Learning objectives:

Apply multiple algorithms to build a machine learning pipeline
Implement a simplified version of the AdaBoost algorithm

In this assignment you will implement a few algorithms which, when put together, form a machine learning model to detect fraudulent credit card transactions. The model is a simplified version of one that could be employed in the real world.

Preamble

A quick reminder on the course policy. The autograder provides feedback only, it does not determine your grade. See the assignment FAQ for more details on the grading policy.

Our recommendation. Write your own code from scratch and aim to complete every requirement by the completion deadline. Treat each assignment as if the autograder score determined your grade. Working code that you understand is the sweet spot: it makes demos easy and reflects real learning. Start early to give yourself time to debug.

The fraud detection problem

Consider a set of $m$ points in 2D space, each representing coordinates of retail establishments (shops, restaurants, etc.) on a map. These points are represented using the immutable data type Point2D from algs4.jar. You may find the distanceTo() and distanceSquaredTo() methods useful for computing Euclidean distances. Below is an example of locations in a map of Princeton.

$m = 21$ locations in Princeton (click to enlarge)

Additionally, you are given a data set with $n \ge 1$ labeled transaction summaries. A transaction summary is an array of $m$ non-negative integers, one per location, representing the amount of money spent at each location by a particular person. A label is either clean or fraud, indicating whether a fraudulent transaction was detected in the corresponding transaction summary. Here is an example: each number corresponds to a location in the map (e.g., the first number represents the amount of money spent at "Graduate College," the leftmost point).

*a transaction summary*
5	6	7	0	6	7	5	6	7	0	6	7	0	6	7	0	6	7	0	6	7	`clean`

The intuition is that fraudulent spending tends to look different from a person's normal patterns — for example, a burst of purchases at unusual locations. Nearby locations also tend to behave similarly, so grouping them into clusters produces a more robust signal than treating each one independently (which motivates Part 1).

You will create a simple machine learning model that learns from a data set: given a collection of labeled transaction summaries (the training set), the model extracts patterns that distinguish clean from fraud, then uses those patterns to label new, unseen transaction summaries. These labels are represented by integers: 0 for clean and 1 for fraud.

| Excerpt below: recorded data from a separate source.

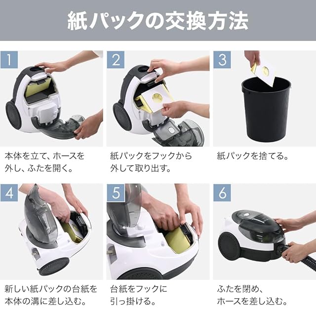 【ゴミ捨てやお手入れが簡単な紙パック式】 掃除機本体から紙パックを取り外すだけでゴミの処分が完結するので、 手が汚れてしまったりホコリが舞ったりすることはほとんどありません。 スリムな軽量設計で使いやすい掃除機です。
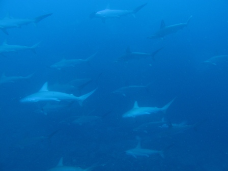 青い海に映える無数のハンマーヘッドシャークの群れ!
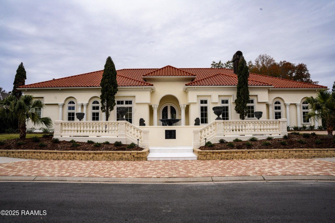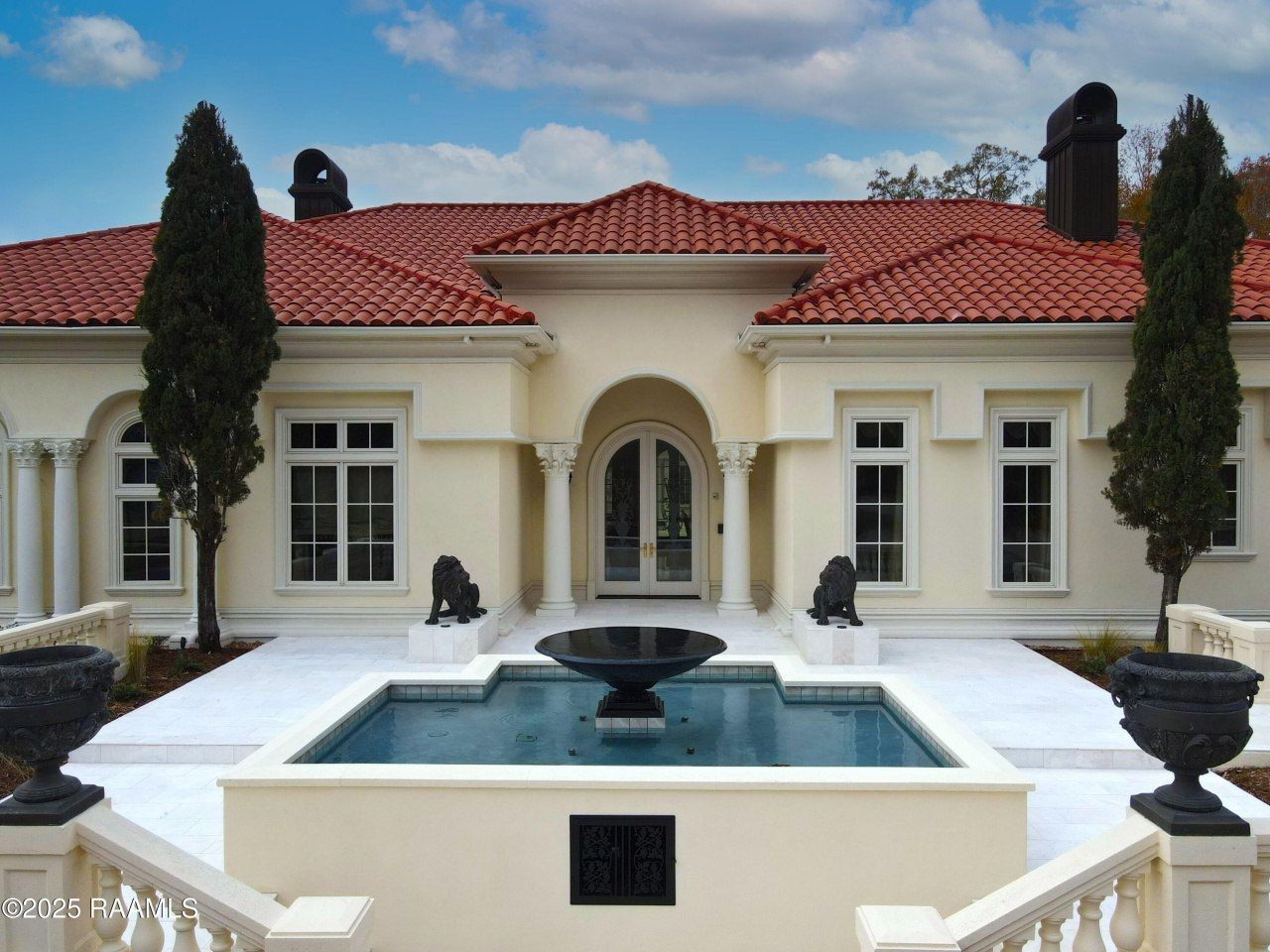 This breathtaking Mediterranean-inspired estate presents unparalleled luxury and sophistication across a sprawling 7,200 square feet. It features 1,000sf primary suite with his/her baths, 3 guest rooms with private baths and an apartment/flex space upstairs offering bedroom, full bath and living area. The formal living and dining area is dressed in soaring ceilings, dramatic columns with 24k gold leaf details, intricate hand lay marble floors and a grand foyer featuring archways of crystal chandeliers. 2 kitchens, 2 bars, 300 gallon fish tank, multiple water features including gunite pool, outdoor work out/recreation room with full bath, 3 car garage with hydraulic attic lift and home technology system are just a few of the extraordinary amenities of this home, perfect for the discerning buyer who desires privacy and grandeur in an iconic setting.

Part 1: Dimensionality Reduction

Before feeding the data into the machine learning model, you will first reduce the dimension of the input (the transaction summaries) using a clustering algorithm. This algorithm receives $m$ locations as Point2D objects, as well as a number $k$ (between 1 and $m$) of clusters. The goal is to output a partition of the points into $k$ clusters (groups) such that the points in the same cluster are close together in Euclidean distance.

This step not only makes the model more efficient (since we can now work with arrays of length $k$ instead of $m$), but it also improves its accuracy: grouping nearby locations aggregates spending data in a meaningful way, which helps mitigate overfitting.

The clustering algorithm proceeds as follows:

Create a complete edge-weighted graph (using EdgeWeightedGraph) with $m$ vertices (one per location) and an edge connecting each pair of locations, whose weight is the Euclidean distance between the two points. The vertices, numbered from $0$ to $m - 1$, must correspond to the sequence of locations in the input.
Compute the minimum spanning tree of the graph.
Consider only the $m - k$ lowest-weight edges of the spanning tree and form a new graph (the cluster graph) with them.
Each cluster is now given by a connected component in this graph (note that the cluster graph has exactly $k$ connected components).

You don't have to implement all these steps from scratch; there are several helpful classes in algs4.jar that you can use (see the implementation requirements below).

The following images show the minimum spanning tree and the clusters obtained from the Princeton locations above, with $k = 5$. In the image to the right, clusters are indicated by colors and dashed lines represent the MST edges excluded from the cluster graph.

Minimum spanning tree and the $k = 5$ clusters of the $m = 21$ locations (click to enlarge)

Minimum Spanning Tree of Princeton Locations

We can now reduce the dimension of each transaction summary by summing all entries corresponding to the same cluster, yielding a new array with $k$ elements (reduced from $m$). This is illustrated below, where each color labels a cluster in the image above.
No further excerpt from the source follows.